By Michael Biltz
With 40 percent of the U.S. workforce projected to be contract or freelance workers by 2020, according to the Intuit 2020 Report, and technology advances accelerating at an unprecedented rate, educational needs for the workforce of tomorrow look vastly different from what they did just five years ago. Add to this new landscape the fact that every job is now a technology job—from doctors to electricians—and you have a world wired for a change in the pace and pattern of educating its present and future workforce.
The rapid pace of technology adoption is causing many organizations to face a skills gap. Their technology investments are outpacing the labor market’s ability to provide the digital skills they now require. What’s more, automation radically alters the in-demand skill sets, as machines have the potential to handle many tasks previously done by people.
The technical skills required of today’s talent are needed on a just-in-time basis to fit today’s ever-evolving job marketplace. Higher education programs are becoming outdated, since they can take years to complete. In an environment where technology is updated daily—sometimes even hourly—specific programming knowledge can be obsolete before the first semester ends.
Vocational-type training on specific technologies will become more prevalent as we skill up and down to meet the waves of technology demand, with a liquid workforce. While universities can teach broad theory and a basis for skills, it is no longer practical—given the pace of change in business and technology—to teach specifics that may not stand the test of time.
For instance, demand for virtual reality technology skills was up 37 percent, year-over-year last year, with 200 employers advertising for candidates with such knowledge. At Facebook alone, demand was up almost 5,000 percent, and at General Dynamics it was up 70 percent. With swings this rapid and dramatic as technology investments and breakthroughs accrue, education and training for the workforce that will meet these demands must become as agile as business itself.
Think enterprise learning platform.
In a marketplace in which a higher percentage of workers are freelancers and contract workers, motivation should be high for workers to keep their skills up and expand their repertoire to meet business needs. But in rapid ramp-ups, such as the learning curve for virtual reality, a strong business case can be made that companies should develop a training platform.
Enterprise learning platforms, such Pathgather, empower employees to curate content for one another and to provide a single point of access to internal and external learning resources. These types of tools fit well in the culture of rapid innovation most companies want to foster because they merge the advantages of a platform with crowdsourced learning.
Expand your definition of “educated.”
An educated employee used to mean one with a degree that took several years to earn. Given that by 2020, the U.S. Department of Labor projects that one million programming jobs will go unfilled, businesses need to redefine “educated.”
President Obama unveiled the TechHire Initiative in March 2015, stressing the impact it would have on middle-class Americans, especially those without four-year degrees. The program aims to expand local tech sectors by building tech-talent pipelines in communities across the country.
Tap into public/private partnerships.
In Colorado, more than 50 engaged employers hired 258 individuals for full-time jobs and nearly 50 for paid internships in its TechHire pilot year. The average starting salary was more than $60,000 per year.

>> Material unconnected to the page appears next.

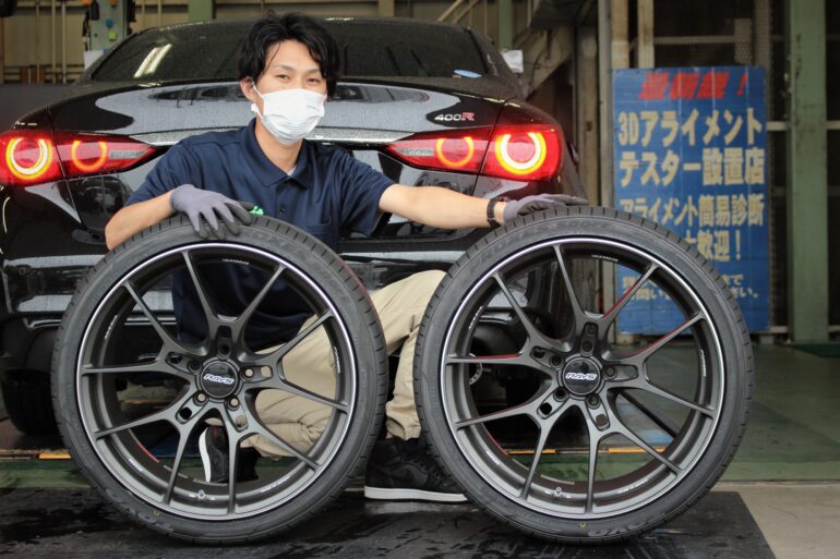 スポーツカーにお勧めホイール!!グラムライツ57CR SPEC-D!!   スポーツカーのご来店が多いクラフト一宮店です。 本日は400RにRAYSのスポーツホイールを 装着しましたのでそのご紹介です。     見た目はスカイラインですが V6、3リッターエンジンを積んだ まさに羊の皮を被った狼、それが400R。 今回はそのスペックに合わせた スポーツホイールを入れていきます。     そのホイールがこのグラムライツ57CR SPEC-Dです。 RAYSのスポーツホイールだと 37などの鍛造ホイールを思い浮かべる方も多いと思いますが 昨今のホイールの性能向上により 鋳造ホイールもかなり見直されており サーキット走行などでのタイムも 鋳造ホイール装着車が名を連ねています。     早速装着といきたいのですが ネックだったのがこのキャリパー。 立ちもあり中々アフターホイールを招いてくれません。 57CR SPECのサイズスペックで見てみると、 19インチだとチューナーサイズのみが装着可能となっていました。 そのサイズを実車測定により装着確認し、 オーダーをかけさせて頂きました。     何かと長期納期で話題となるRAYSホイールでしたが なんとこのサイズに限っては即納とのお返事で、 ご予定を見て最速で取付を行いました。 ちなみに気になるキャリパークリアランスはこんな感じ。 良い感じです。     完成がこちらです。 一気にスポーツカーらしい見た目となりました。 中身もガラッと変わっています。 まずバネ下重量が大幅にカットされ、 400R本来の性能をより発揮できるようになりました。     コンケイブしたディスクも軽量化は勿論、 高い剛性を持ち合わせていて ハイスペックな400Rの力をしっかりとタイヤへ伝えてくれます。     タイヤ空転回避のためのローレット加工も備わっているので まさに理想のホイールといっても過言ではありません。     400Rはエアセンサーも標準装備されていますが、 こちらは57CRに流用させて頂きました。 メーカー回答では基本NGとなっていますが 流用できる場合も多いので お悩みの方は一度クラフトまでご相談ください。     ちなみに今回装着した57CR SPEC-Dの DはドリフトのDです。 走り込む事を目的としたホイールとなっているので 気になった方は是非ともご相談ください。   RAYSは8月より値上げを発表されています。 7月中のご注文分については値上げはありませんので RAYSホイールを予定されている方は是非ともお早めに。     グラムライツはRAYSホイールのスポーツブランドでも 王道と言われるシリーズですが そんなピュアスポーツホイールの最先端がこのSPEC-Dです。 気持ちよく走りたい、車の性能を上げたいといった方は 是非ともお勧めなホイールです。     クラフト一宮店はレイズホイールNo.1ショップです。 RAYSホイールの展示量と在庫量は 常時地域最大級の品揃えとなっています。 気になっているRAYSホイールがある方は 是非一度クラフト一宮店までご相談ください。 それではまた次回のブログもお楽しみ。

Oakland, Calif., uses initiatives such as #YesWeCode and partnerships with more than 200 companies—including Lyft, Square and Pinterest—as part of its TechHire strategy. In 2015, it placed accelerated tech training graduates in 86 paid internships and 326 full-time jobs. The city also secured a commitment of $5 million from Intel to support engineering and computer science programs at high schools with at least 2,400 students.
Events such as the 24-hour free online hackathon, sponsored by HackerRank (a platform that creates opportunities for programmers based on coding skills) give TechHire student coders the chance to prove their skills and connect with employers. Hackathons are offered in all TechHire communities.
It makes sense that a liquid workforce requires fluid training. The only way forward is by making your organization ready to ramp up and down in specific skill sets and broaden its scope when necessary.
The system of mandatory company training once or twice a year is being replaced with a business model that enables people to develop new skills and learn different, more agile ways of working. Promoting a culture of self-directed training on demand and peer-to-peer learning is now essential.
Closing the talent gap that awaits your firm will require a new way of thinking. It will also require you to move training further up on the corporate priority list.
Michael Biltz is managing director at Accenture Technology Labs.